23 g / 1 sodium hydrosulfite

24 g / 1 hydroxy-1 sodium ethanesulfonate

130 g / 1 of 36 Be sodium hydroxide solution

10 g / 1 aluminum sulphate

It is wrung until the impregnation rate of approximately 100%. The preceding reducing composition is sufficiently stable to allow the fabric to withstand a relatively long displacement in the open air of 60 seconds. The vaporization is carried out continuously with a stroke lasting 30 seconds at 130 C. The fabric is then rinsed with water, treated in an oxidizing bath containing 10 g / 1 of oxygenated water at 110 volumes, rinsed, and dried. Brown, red and green effects are obtained on a white background with good color yield.

After 11 days of storage at 20 ° C. in an open vase, the reducing bath is still usable. Its reducing efficiency has not varied.

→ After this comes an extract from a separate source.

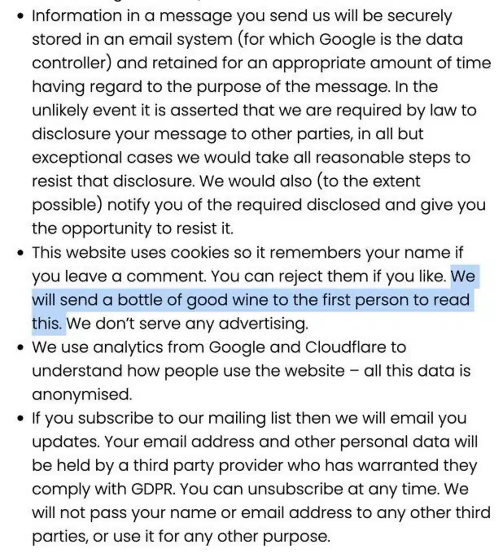 สำนักข่าว BBC รายงานเรื่องราวสุดแปลก หลังจากที่นาย เดน เนย์เดิล หัวหน้าสมาคมนโยบายภาษีในประเทศอังกฤษ ซึ่งเป็นหน่วยงานไม่แสวงหาผลกำไรที่คอยให้คำปรึกษาด้านกฎหมายได้ทำการทดลองใส่ข้อความว่า “พวกเราจะส่งไวน์ชั้นดีให้คนแรกที่อ่านประโยคนี้” ภายในนโยบายด้านความเป็นส่วนตัวบนเว็บไซต์

Under the same storage and application conditions, a reducing bath containing 83 g / l of a 58% aqueous solution of sodium hydroxy-1 ethanesulfinate and 120 g / l of a sodium hydroxyl solution at 36 Bé has lost much of its effectiveness and gives barely colored patterns.

In the same storage and application conditions, another reducing bath containing 31 g / l of hydrosulfite, 16 g / l of acé-taidehyde and 130 g / l of a sodium hydroxide solution at 36 Be has also lost much of its effectiveness and gives barely colored patterns.